The results of the competition ZeroDay Cloud, held at the Black Hat Europe conference and aimed at identifying vulnerabilities in open source software used in cloud environments. During the event, 11 previously unknown vulnerabilities in Redis, PostgreSQL, MariaDB, the Linux kernel and Grafana were demonstrated. The amount of rewards paid was $320 thousand, with a total declared prize fund of $4.5 million.
According to the rules of the competition, participants had to demonstrate working exploits that used previously unknown vulnerabilities (0-day). In the “virtualization” category, exploits should allow one to go beyond an isolated container or virtual machine, and in other categories they should lead to remote execution of their code. The settings of the hacked applications were posted on GitHub.
Attacks demonstrated:
- Five attacks on the Redis DBMS that led to remote code execution with authenticated access (five $30 awards 000).
- Three attacks on the PostgreSQL DBMS, which led to remote code execution with authenticated access (three awards of $30,000).
- An attack on the MariaDB DBMS, which led to remote code execution with authenticated access (three awards of $30,000).
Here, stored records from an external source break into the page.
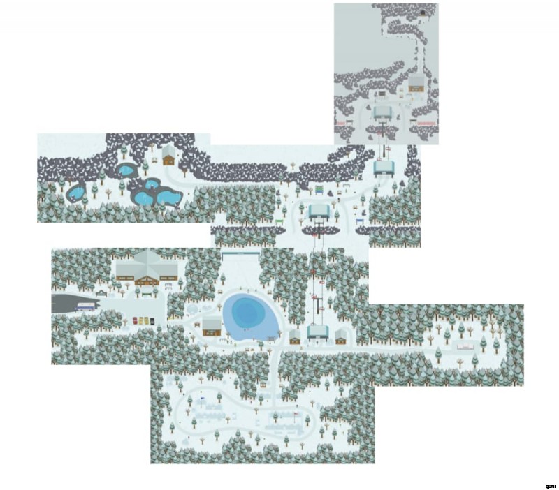 ゲーム マップの北東側にスキー マウンテンがあります。山の入り口には大きなロッジがあり、コインでチェックイン・宿泊ができます。
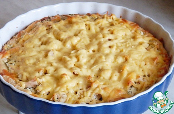 Такая своеобразная пицца получается..Но всё-таки,лучше творог с куриным мясом не смешивать-не сочетаются они..Творог отдельно-творожный пирог с зеленью,с курицей-курник.
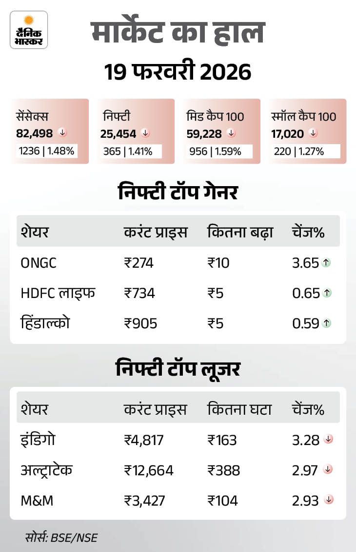 शेयर बाजार में कल यानी 19 फरवरी को गिरावट है। सेंसेक्स 1236 अंक (1.48%) की गिरावट के साथ 82,498 के स्तर पर बंद हुआ। निफ्टी में भी 365 अंक (1.41%) की गिरावट रही, ये 25,454 के स्तर पर बंद हुा। ऑटो, रियल्टी और बैंकिंग शेयर्स ज्यादा टूटे हैं।
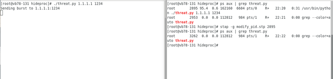 执行恶意进程,获取其进程 pid 为 2895,运行脚本后可以看到进程已经被隐藏了。
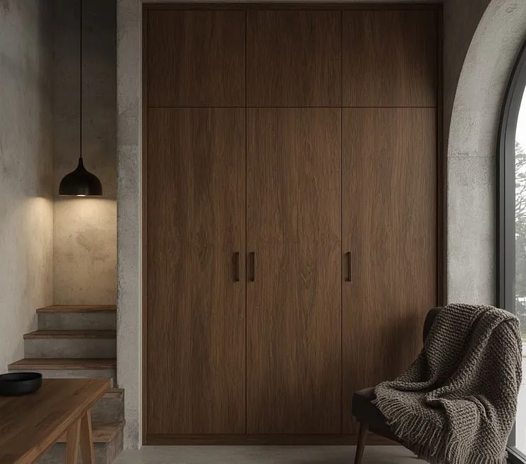 Минималистичный встроенный шкаф под лестницей, выполненный из МДФ с натуральной шпоновкой под орех. Гладкие фасады без лишнего декора подчёркивают современный индустриальный интерьер, а лаконичные вертикальные ручки в тон обеспечивают удобство открывания. Идеален для хранения одежды, аксессуаров или бытовых вещей, гармонично вписывается в пространство за счёт натуральной текстуры и тёплого оттенка.

- Remote code execution in the Grafana data visualization platform
with authenticated access to the interface ($10,000). - An attack on the Linux kernel, which made it possible to escape from an isolated container in Ubuntu ($40,000).
- Two attempts to attack vLLM and Ollama were unsuccessful, since the participants could not meet the allotted time.
Team Xint Code, which carried out successful attacks on Redis, was declared the winner. PostgreSQL and MariaDB, and earned 90 thousand dollars. It is noteworthy that the vulnerabilities demonstrated by Team Xint Code were identified using the AI analyzer Xint Code.
The largest prize of $300 thousand, assigned for hacking nginx, remained unclaimed, as well as a prize of $100 thousand, proposed for hacking Apache Tomcat, Redis, PostgreSQL and MariaDB with unauthenticated access.
Applications were also not received for hacking Docker, Containerd, Envoy, Caddy, NVIDIA Container Toolkit, Kubernetes API Server, Kubelet Server, Prometheus, Fluent Bit, Apache Airflow, Jenkins and GitLab CE.
Details about the nature of the vulnerabilities have not yet been reported. In accordance with the terms of the competition, detailed information about all demonstrated vulnerabilities was transferred to the developers of problematic projects and will be published after the manufacturers release updates that eliminate the vulnerabilities.